__Materials provided__
•••••
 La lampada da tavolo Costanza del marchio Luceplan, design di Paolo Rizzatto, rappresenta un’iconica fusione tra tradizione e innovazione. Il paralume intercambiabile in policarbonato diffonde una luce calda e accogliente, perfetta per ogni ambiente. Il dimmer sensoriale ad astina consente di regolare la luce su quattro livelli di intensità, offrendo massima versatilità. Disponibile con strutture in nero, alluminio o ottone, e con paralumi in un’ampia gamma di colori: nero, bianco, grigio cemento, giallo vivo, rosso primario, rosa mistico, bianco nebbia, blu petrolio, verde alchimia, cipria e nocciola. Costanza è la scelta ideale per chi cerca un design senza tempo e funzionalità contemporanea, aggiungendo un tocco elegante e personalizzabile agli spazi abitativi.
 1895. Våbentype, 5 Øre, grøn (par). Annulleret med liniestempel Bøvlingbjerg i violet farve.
•••••
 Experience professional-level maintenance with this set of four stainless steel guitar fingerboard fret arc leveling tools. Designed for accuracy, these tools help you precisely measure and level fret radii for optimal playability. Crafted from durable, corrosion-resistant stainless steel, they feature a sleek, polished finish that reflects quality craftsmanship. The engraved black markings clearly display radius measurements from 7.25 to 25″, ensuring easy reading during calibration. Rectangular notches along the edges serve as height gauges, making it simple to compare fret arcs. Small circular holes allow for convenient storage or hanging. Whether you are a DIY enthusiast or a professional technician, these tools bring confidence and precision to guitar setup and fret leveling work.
•••••
__About this exercise__
With the line holding "La lampada da" as the first and the line holding "1895. Våbentype, 5" as the last, set down that range of the entries above exactly, and nothing else.

__Output below__
 La lampada da tavolo Costanza del marchio Luceplan, design di Paolo Rizzatto, rappresenta un’iconica fusione tra tradizione e innovazione. Il paralume intercambiabile in policarbonato diffonde una luce calda e accogliente, perfetta per ogni ambiente. Il dimmer sensoriale ad astina consente di regolare la luce su quattro livelli di intensità, offrendo massima versatilità. Disponibile con strutture in nero, alluminio o ottone, e con paralumi in un’ampia gamma di colori: nero, bianco, grigio cemento, giallo vivo, rosso primario, rosa mistico, bianco nebbia, blu petrolio, verde alchimia, cipria e nocciola. Costanza è la scelta ideale per chi cerca un design senza tempo e funzionalità contemporanea, aggiungendo un tocco elegante e personalizzabile agli spazi abitativi.
 1895. Våbentype, 5 Øre, grøn (par). Annulleret med liniestempel Bøvlingbjerg i violet farve.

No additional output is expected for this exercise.